-- Data segment --

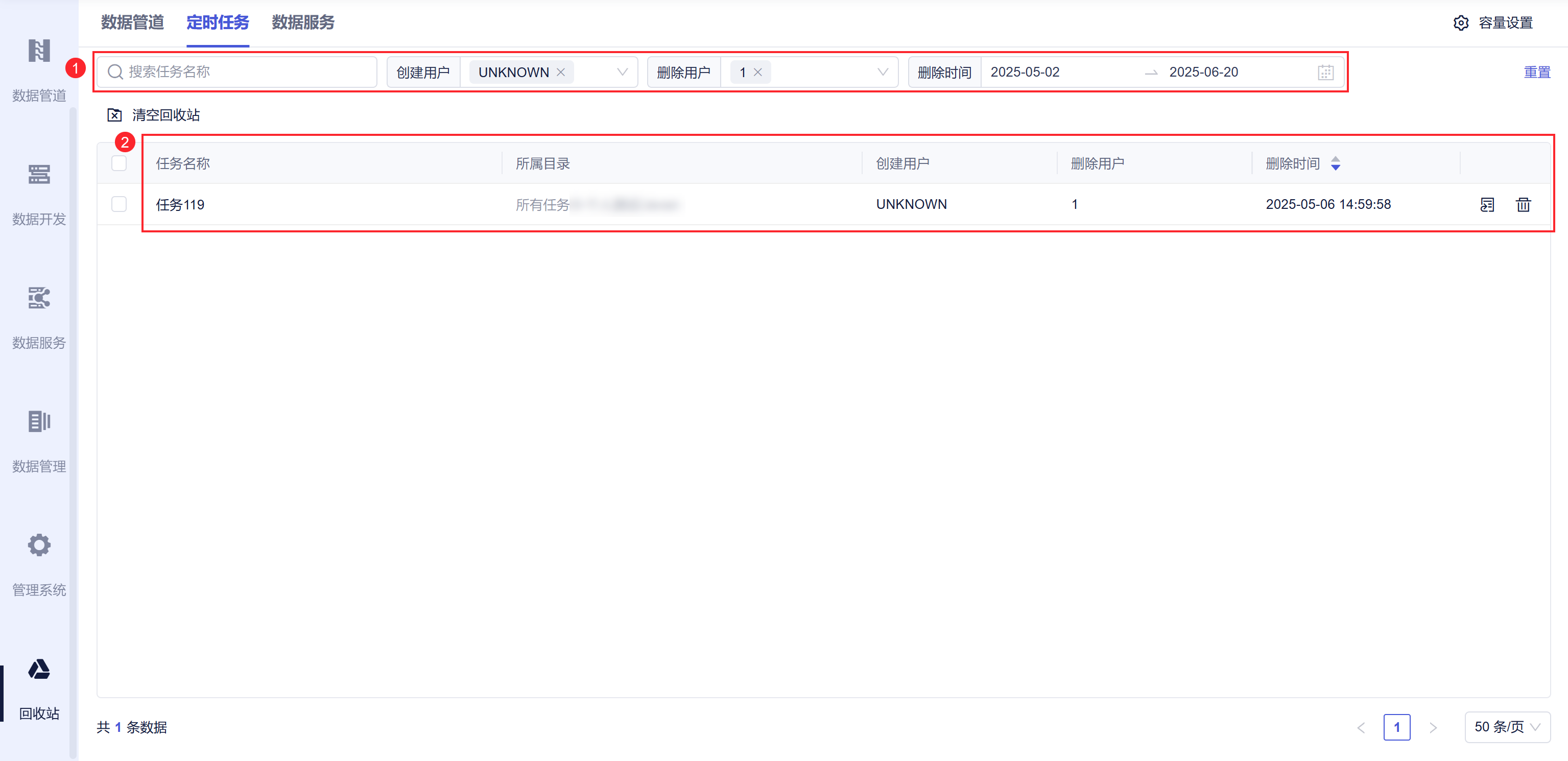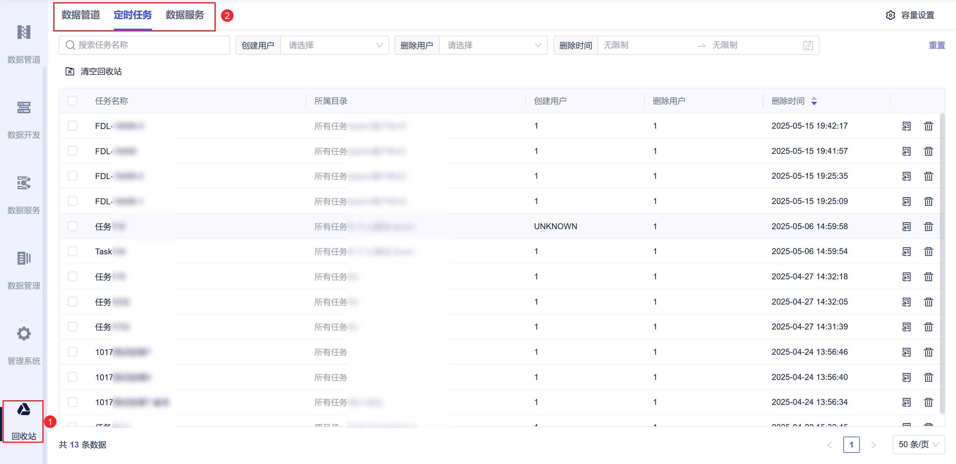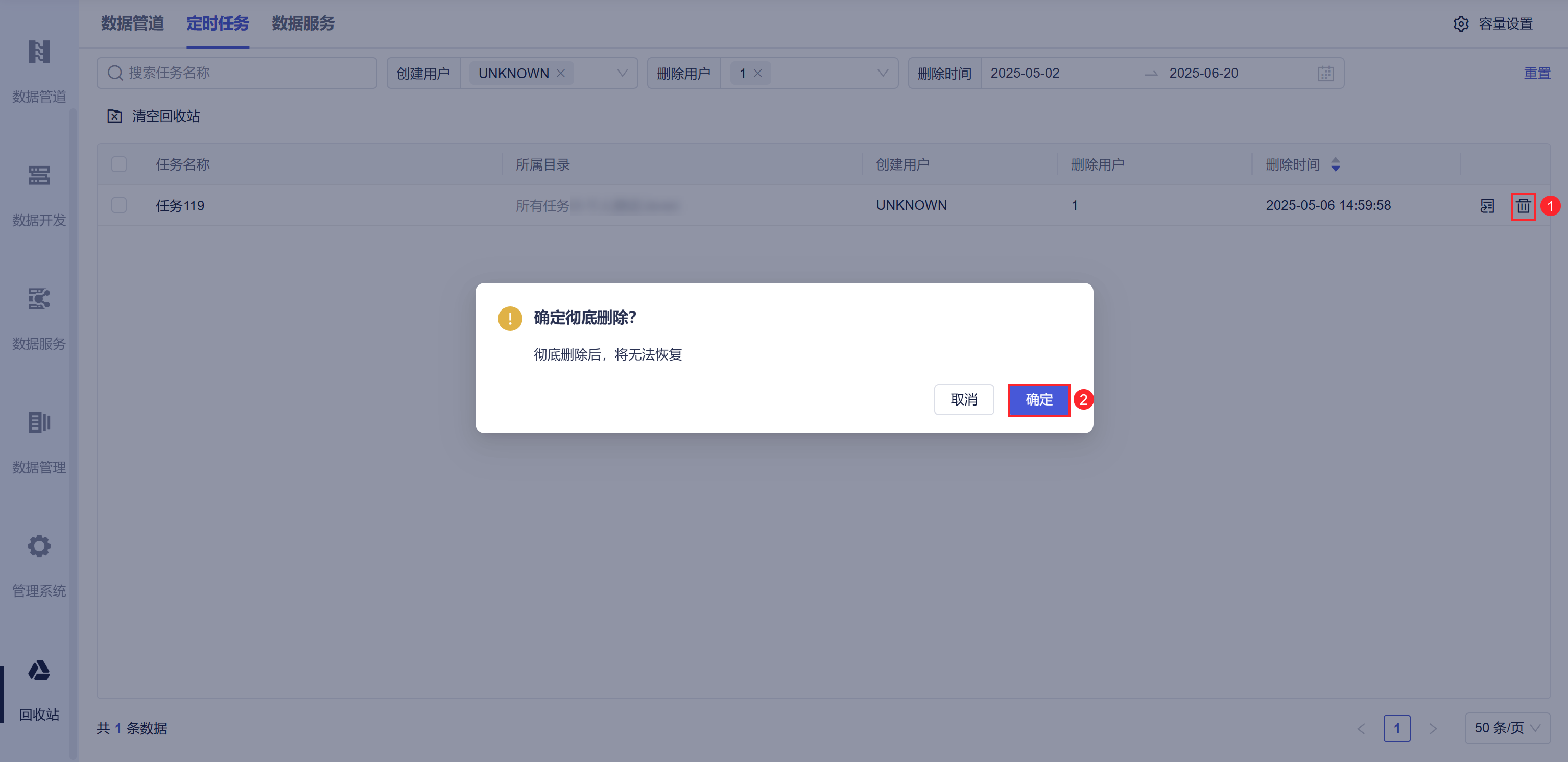 回收站支持对「数据管道」、「定时任务」、「数据服务」中已经删除的任务进行资源还原、彻底删除等。
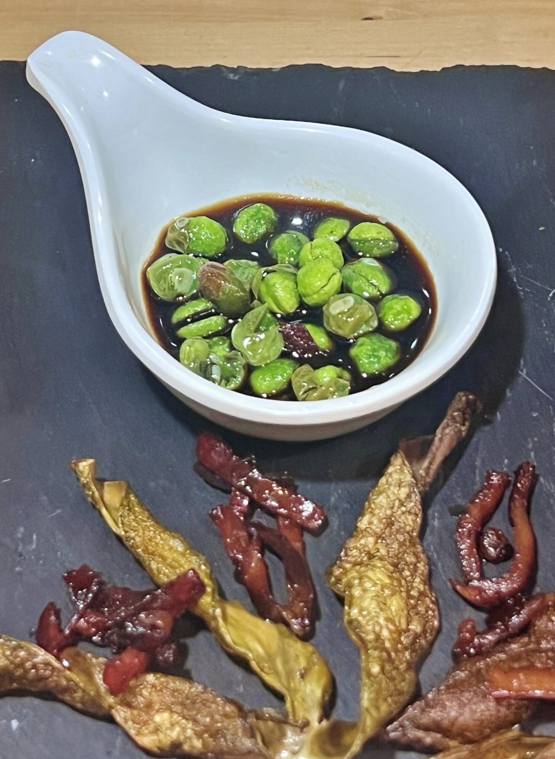 Utilizzando esclusivamente legumi freschi, abbiamo realizzato per il condimento una mousse di piselli, inserito alcuni piselli creudi, sottoposti a una leggera frittura, e dei baccelli decorati con speck affumicato.
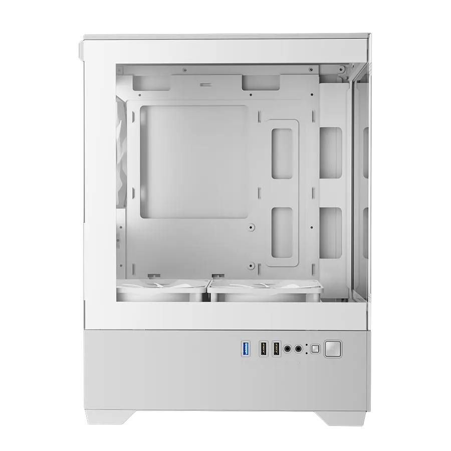 کیس گیمینگ AURA GC9M WH از GAMDIAS یک کیس Micro-Tower جمعوجور و مدرن است که با جلوه ژرف نورپردازی ARGB و نمای شیشهای پانورامیک، ترکیبی از زیبایی و عملکرد را در ابعاد جمعوجور ارائه میدهد. طراحی فشرده آن باعث میشود برای سیستمهایی با فضای محدود ایدهآل باشد، بدون آنکه امکانات حرفهای یک کیس Mid-Tower را فدا کند. این مدل همچنین با ساختار فنمحور و امکان نمایش جلوه نورپردازی داخل کیس، انتخابی جذاب برای گیمرها و کاربران خلاق خواهد بود.

-- Requirement --
Each line above should be printed again exactly, though the pictures should not be.

-- Response --
 回收站支持对「数据管道」、「定时任务」、「数据服务」中已经删除的任务进行资源还原、彻底删除等。
 Utilizzando esclusivamente legumi freschi, abbiamo realizzato per il condimento una mousse di piselli, inserito alcuni piselli creudi, sottoposti a una leggera frittura, e dei baccelli decorati con speck affumicato.
 کیس گیمینگ AURA GC9M WH از GAMDIAS یک کیس Micro-Tower جمعوجور و مدرن است که با جلوه ژرف نورپردازی ARGB و نمای شیشهای پانورامیک، ترکیبی از زیبایی و عملکرد را در ابعاد جمعوجور ارائه میدهد. طراحی فشرده آن باعث میشود برای سیستمهایی با فضای محدود ایدهآل باشد، بدون آنکه امکانات حرفهای یک کیس Mid-Tower را فدا کند. این مدل همچنین با ساختار فنمحور و امکان نمایش جلوه نورپردازی داخل کیس، انتخابی جذاب برای گیمرها و کاربران خلاق خواهد بود.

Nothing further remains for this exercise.